We want to see if there’s a significant difference in the current marital status of women who have been married at least once, when we cut by race. In order to conduct this analysis, we follow the below steps:

  1. We filter out men from the sex variable, and women who reported their marital status as either “Never married” or “A member of an unmarried couple” from the marital variable.
  2. Missing values are removed from the X_imprace, sex, and marital variables.
  3. We change the labels of the values of the X_imprace variable. For example, “White, Non-Hispanic” is re-labeled as “White”.
  4. We change the order of the values of the marital variable, so that “Separation” follows “Divorce” (since these are similar categories).
  5. We group the dataset by the X_imprace and marital variables, and compute the count of each group in a new summary table.
  6. We group the new table by the X_imprace category, and summarize the proportion of each marital category by race.
  7. We plot the results in a barplot of proportions, so that we can compare marital status of women by race.
br %>%
        filter(marital %in% c("Married", "Separated", "Widowed", "Divorced"),
               !is.na(X_imprace), !is.na(marital), !is.na(sex), 
               sex == "Female") %>%
        mutate(X_imprace = 
                 fct_recode(
                       X_imprace,
                       "White" = "White, Non-Hispanic",
                       "Black" = "Black, Non-Hispanic",
                       "Asian" = "Asian, Non-Hispanic",
                       "Native American" = 
                       "American Indian/Alaskan Native, Non-Hispanic",
                       "Other Race" = "Other race, Non-Hispanic"
                   ),
               marital = 
                 fct_relevel(marital, "Married",
                             "Divorced", "Separated", "Widowed")) %>%
        group_by(X_imprace, marital) %>%
        summarise(count  = n()) %>% 
        group_by(X_imprace) %>%
        mutate(prop = count/sum(count)) %>%
        ggplot(aes(X_imprace, prop)) +
        geom_bar(aes(fill = marital), stat = "identity", 
                 position = "fill") + 
        labs(x = "Race",
             y = "% Marital Status",
             fill = "Marital Status",
             title = "Proportion of women who stay married",
             subtitle = "Comparison by race") +
        coord_flip()

There are significant differences in the marital status of women respondents, when compared by race. Let’s break them down:

  1. There are a significantly lower proportion of married black women, when compared with their counterparts in other races.

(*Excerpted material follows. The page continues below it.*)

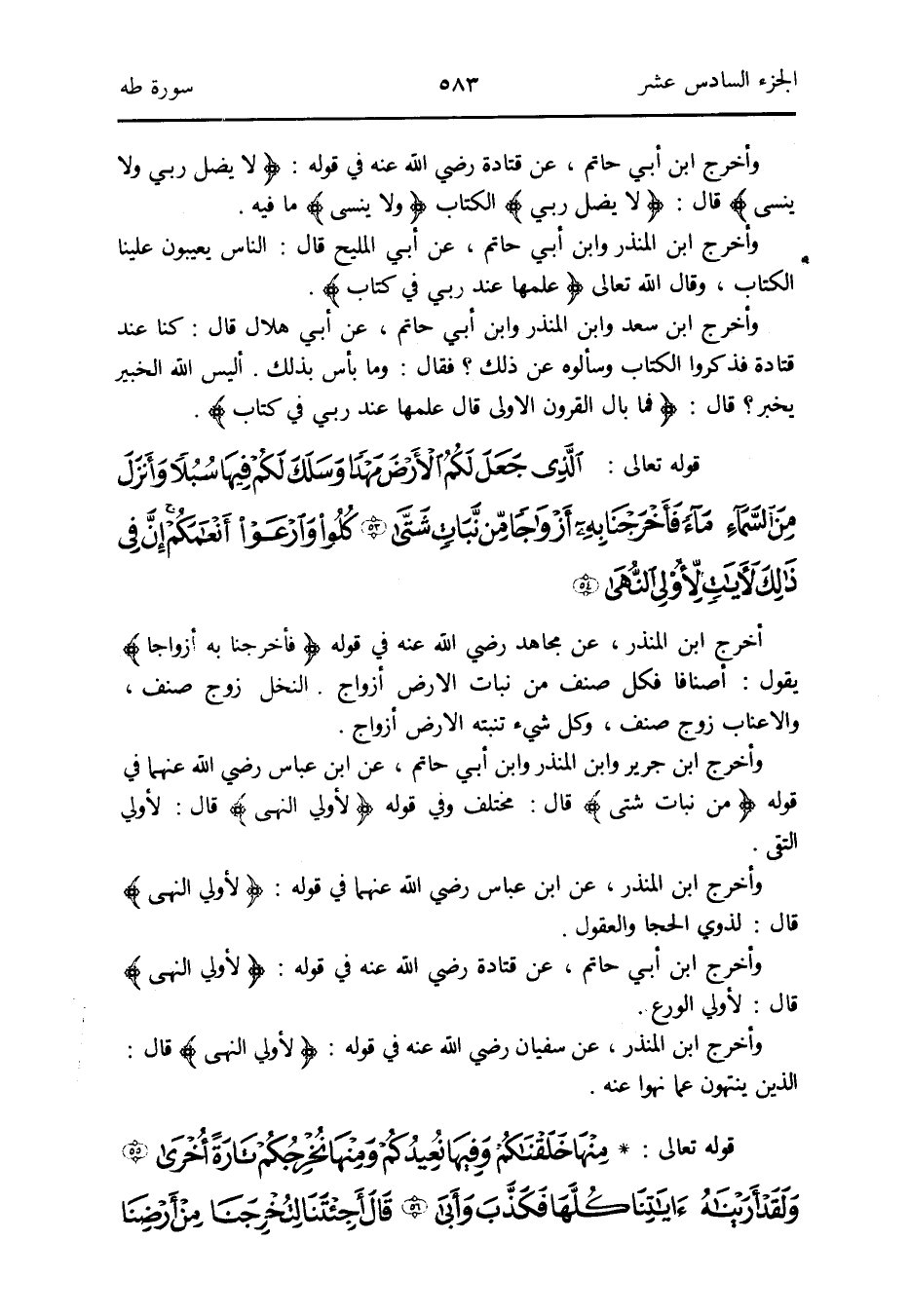 وَأخرج ابْن جرير وَابْن الْمُنْذر وَابْن أبي حَاتِم عَن ابْن عَبَّاس رَضِي الله عَنْهُمَا فِي قَوْله: {من نَبَات شَتَّى} قَالَ: مُخْتَلف وَفِي قَوْله: {لأولي النهى} قَالَ: لأولي التقى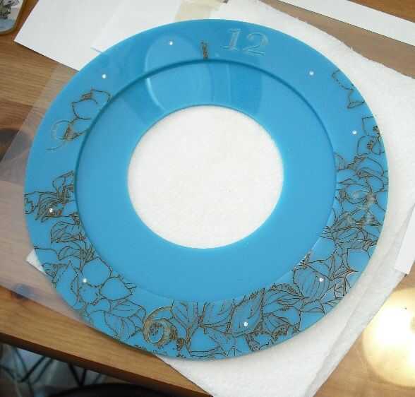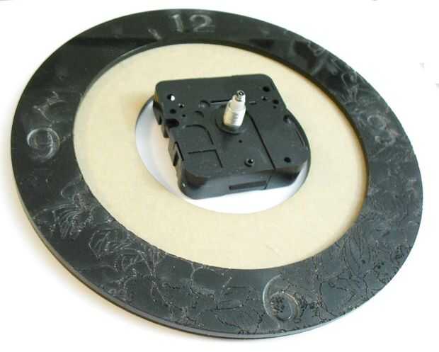 Yo también recortar un círculo acrílico de 6" con un 3" agujero en el medio, como soporte para la parte de madera de la cara y el 3" es la correcta para el mecanismo del reloj.

  2. There are a higher proportion of divorced and widowed black women, when compared with their counterparts in other races.

  3. There are a significantly lower proportion of married Asian women, when compared with their counterparts in other races.


Conclusion

We can answer the 3 research questions thus:

  1. There is a clear correlation between quality of sleep (as measured by hours of sleep) and mental health. This correlation stands for both sexes.

  2. For people with high blood pressure, the proportion of those who take BP medicines is very weakly correlated with income level.

  3. There are significant differences in the proportion of women who stay married, when compared by race.

These results are generalizable to the non-institutionalized adult population of the United States.